The Supreme Judicial Court today ordered a lawyer for a man facing a variety of charges stemming from a 2013 robbery to give prosecutors a copy of the surveillance video used to ID the man for use during his trial.

The video allegedly shows Adnan Tahlil in a Brighton convenience store using an ATM card belonging to a man he and three other people allegedly beat and robbed in Brighton not long before. Police showed the victim the video and he picked out Tahlil and two other men with him as three of his four attackers.

The Suffolk County District Attorney's office made a copy of the video on a DVD for Tahlil's lawyer, then lost its own copy. The day before Tahlil's trial was due to start, prosecutors asked the lawyer to make them a copy. He refused and the case has been stalled for appeals ever since.

Tahlil's attorney argued that even if the video originally came from prosecutors, forcing him to hand over a copy would violate Tahlil's right against self-incrimination under the state constitution and would force the lawyer to testify as to the provenance of the video.
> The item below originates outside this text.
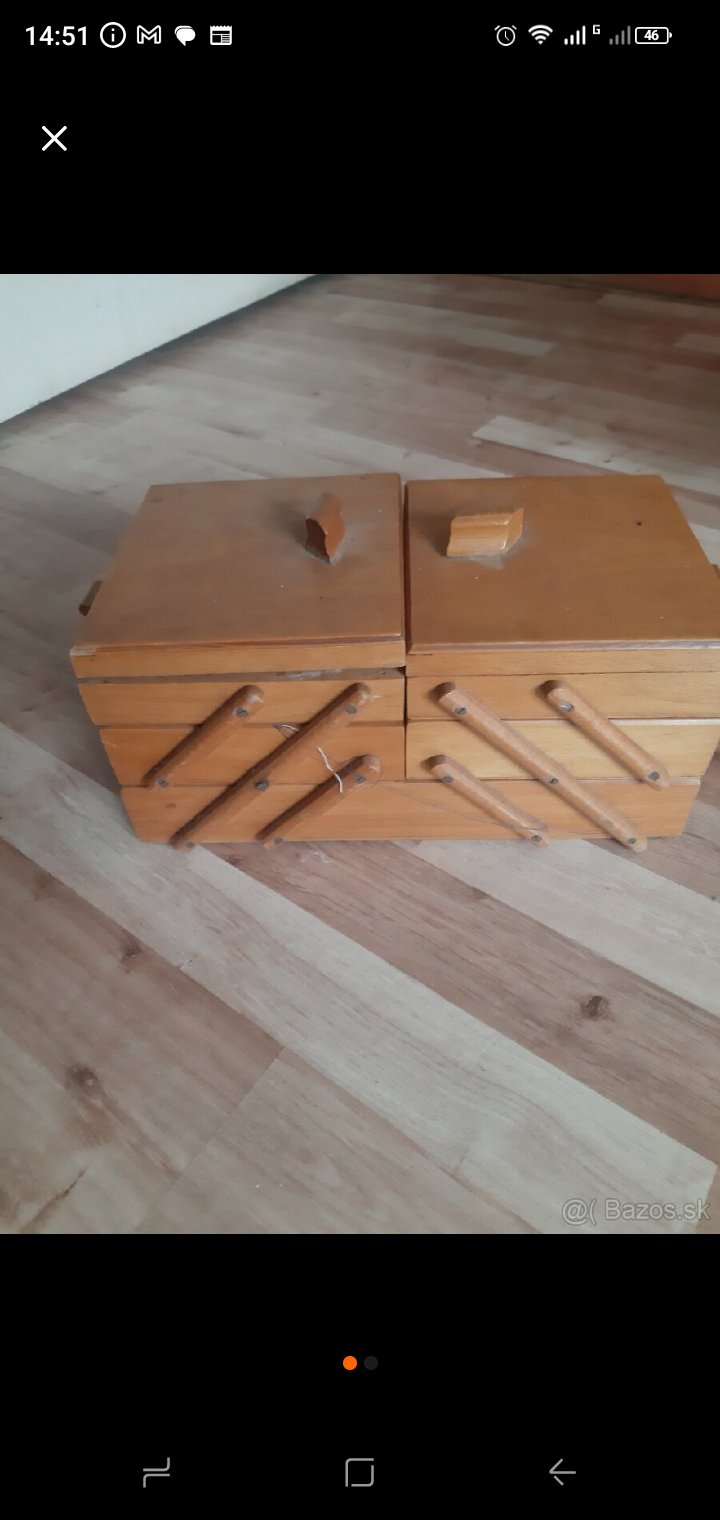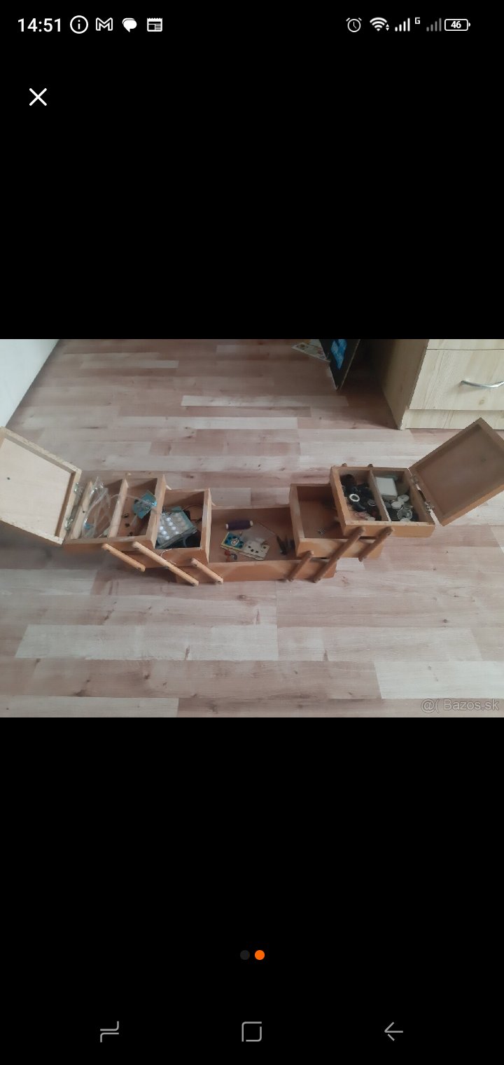 Drevená rozkladacia kazeta na šijace potreby. Predáva bez obsahu ( bez nitiek a iných doplnkov na foto) čisto len box.

The trial judge who heard the case, and who denied a request from prosecutors to make the lawyer hand over a copy of the video, also said prosecutors were being ridiculously late in making their request the day before the trial was to start.

Prosecutors appealed to the SJC, where a single justice denied their request without comment and the DA's office then appealed that.

In its ruling today, the SJC rejected the defense arguments:

No reasonable basis exists for the defendant's refusal to return to the Commonwealth a copy of the very thing that the Commonwealth gave to him. The defendant does not deny that he has the item. His main argument is that requiring him to provide the Commonwealth with a copy of the DVD would violate his right against self-incrimination. Providing a copy of the DVD to the Commonwealth, however, would not be an incriminating admission; it would not be an admission that any of the individuals who appear in the video is the defendant or that the individuals in the video are engaged in a criminal act. It would merely be the act of the defendant returning to the Commonwealth a copy of something that the Commonwealth provided to him in the first place. At most it would be an admission that the defendant has in his possession the item the Commonwealth gave to him, which, at least in the circumstances of this case, would not be incriminating. There is no basis for the defendant's self-incrimination argument.

In a footnote, the state's highest court also dismissed the lower-court judge's "lateness" argument:

Although it might have behooved the Commonwealth to ask for the DVD sooner than it did, in the circumstances, the alleged "lateness" of the request is not a basis for denying it.

As he's waited for this trial to begin, Tahlil has kept busy.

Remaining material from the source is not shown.